### Problem
Beginning with the line that has "The Woodblock Beetle" and ending with the line that has "密西西比州里奇蘭市珍珠河附近", retype the entries below exactly, except for the pictures.

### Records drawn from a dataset
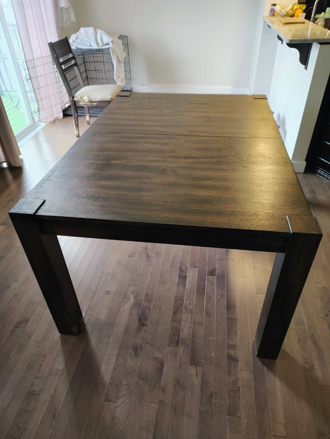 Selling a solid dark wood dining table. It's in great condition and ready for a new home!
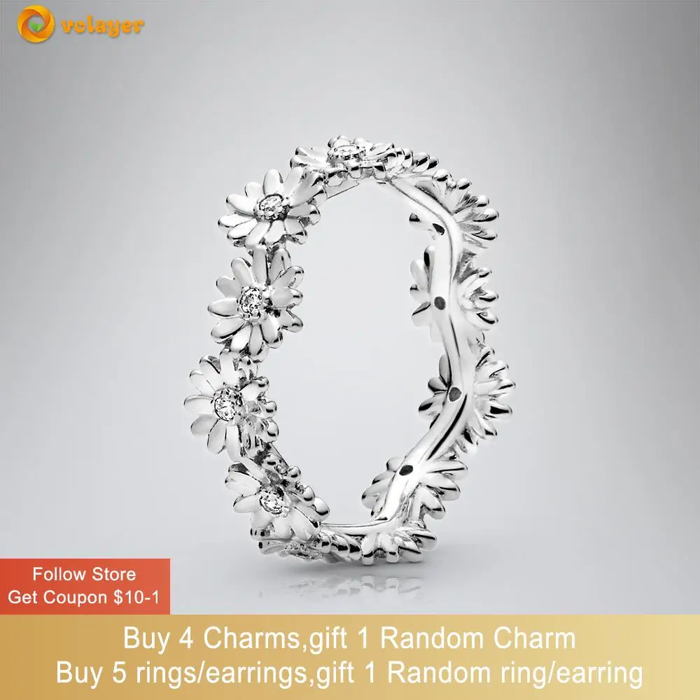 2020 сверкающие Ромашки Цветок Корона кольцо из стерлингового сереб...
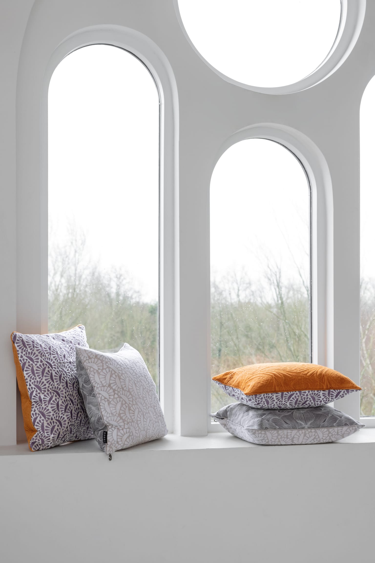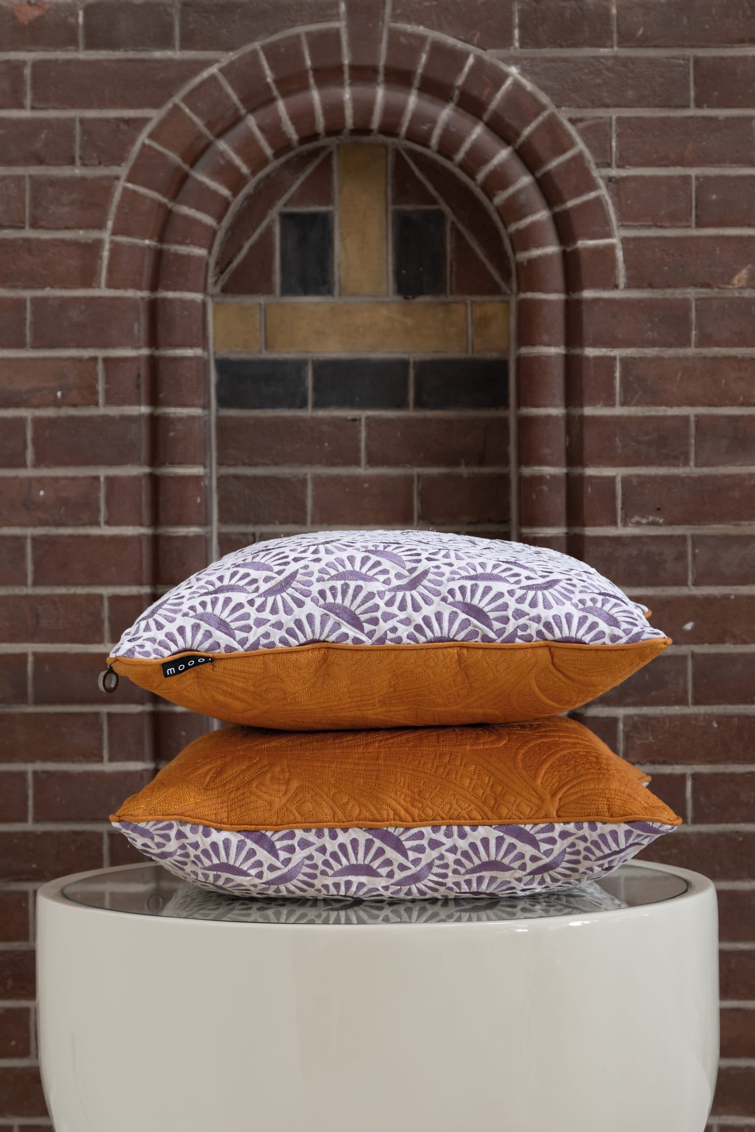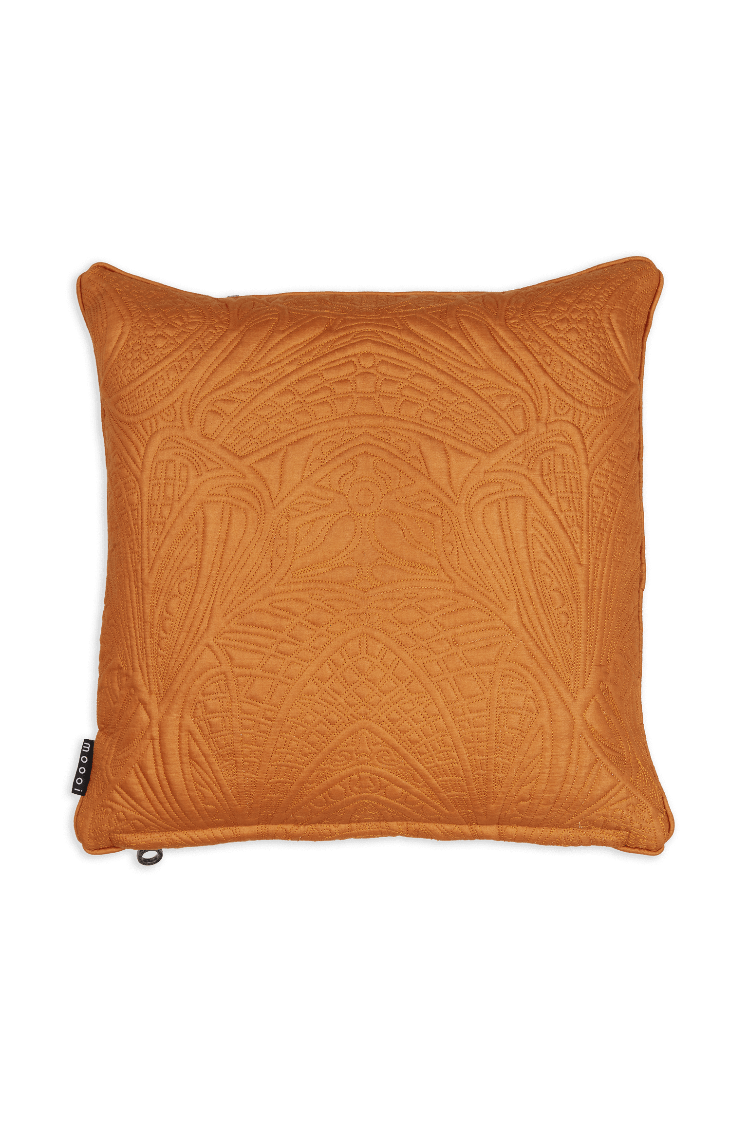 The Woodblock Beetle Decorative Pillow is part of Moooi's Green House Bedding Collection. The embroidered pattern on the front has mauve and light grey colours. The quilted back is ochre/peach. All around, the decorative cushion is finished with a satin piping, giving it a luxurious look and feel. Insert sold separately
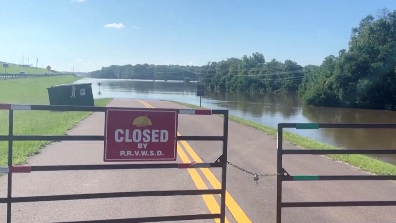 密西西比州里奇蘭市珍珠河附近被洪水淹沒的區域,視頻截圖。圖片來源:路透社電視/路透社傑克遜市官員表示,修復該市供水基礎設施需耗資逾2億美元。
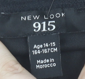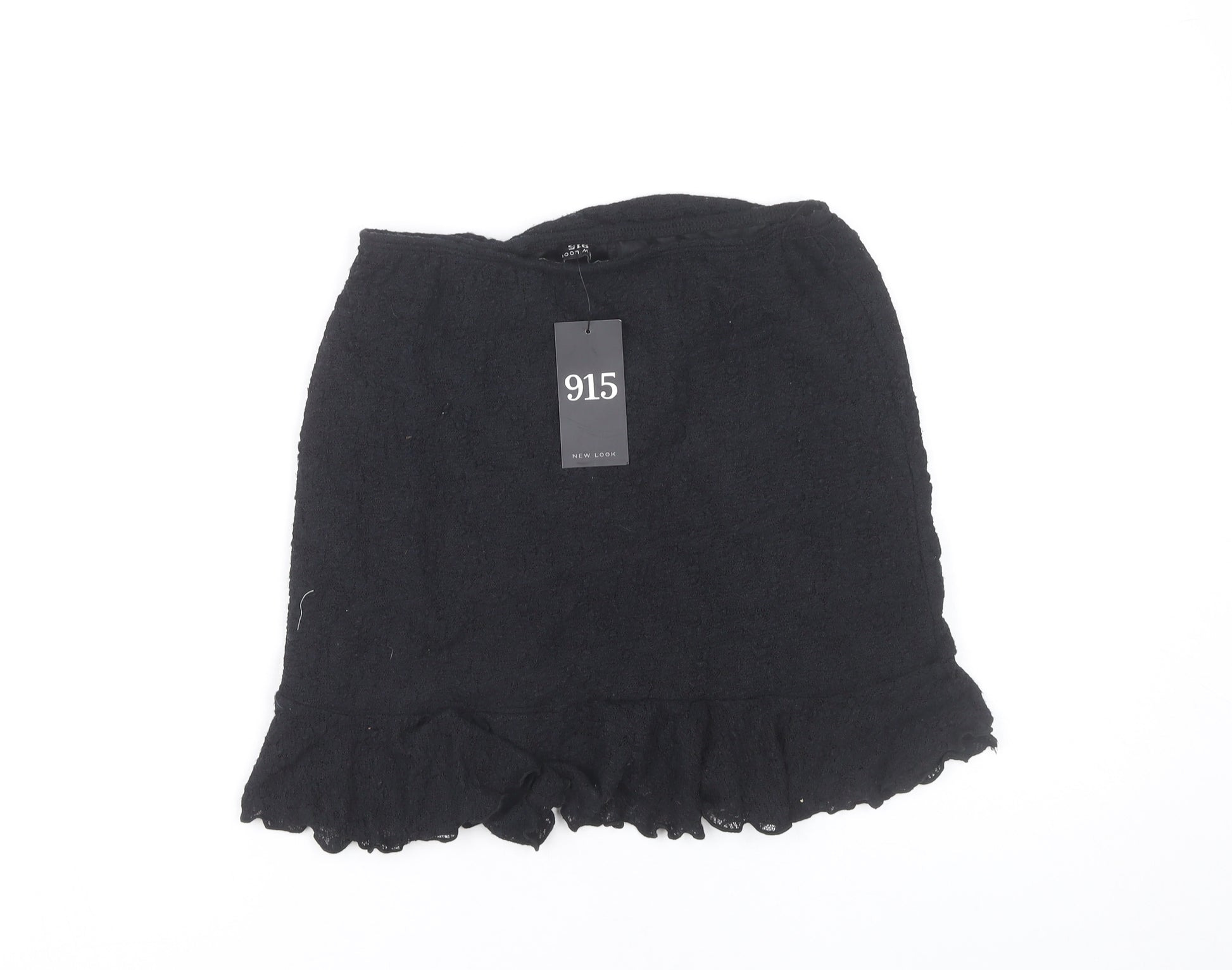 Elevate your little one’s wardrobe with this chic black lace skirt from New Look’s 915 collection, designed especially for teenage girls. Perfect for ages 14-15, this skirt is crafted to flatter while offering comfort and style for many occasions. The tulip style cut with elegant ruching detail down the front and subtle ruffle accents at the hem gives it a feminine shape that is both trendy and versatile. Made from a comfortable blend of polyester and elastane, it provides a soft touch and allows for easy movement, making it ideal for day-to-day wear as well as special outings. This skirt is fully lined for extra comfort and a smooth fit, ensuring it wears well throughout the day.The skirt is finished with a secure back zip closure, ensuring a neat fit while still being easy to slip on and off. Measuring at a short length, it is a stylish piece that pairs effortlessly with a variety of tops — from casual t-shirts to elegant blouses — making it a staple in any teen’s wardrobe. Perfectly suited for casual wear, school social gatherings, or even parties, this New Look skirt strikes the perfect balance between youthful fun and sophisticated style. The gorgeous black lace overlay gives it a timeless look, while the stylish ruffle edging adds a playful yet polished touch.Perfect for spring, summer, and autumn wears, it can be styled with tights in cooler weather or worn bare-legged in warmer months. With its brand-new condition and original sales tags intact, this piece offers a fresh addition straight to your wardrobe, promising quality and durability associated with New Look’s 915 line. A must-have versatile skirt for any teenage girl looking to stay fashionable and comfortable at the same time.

### Answer for the task
 The Woodblock Beetle Decorative Pillow is part of Moooi's Green House Bedding Collection. The embroidered pattern on the front has mauve and light grey colours. The quilted back is ochre/peach. All around, the decorative cushion is finished with a satin piping, giving it a luxurious look and feel. Insert sold separately
 密西西比州里奇蘭市珍珠河附近被洪水淹沒的區域,視頻截圖。圖片來源:路透社電視/路透社傑克遜市官員表示,修復該市供水基礎設施需耗資逾2億美元。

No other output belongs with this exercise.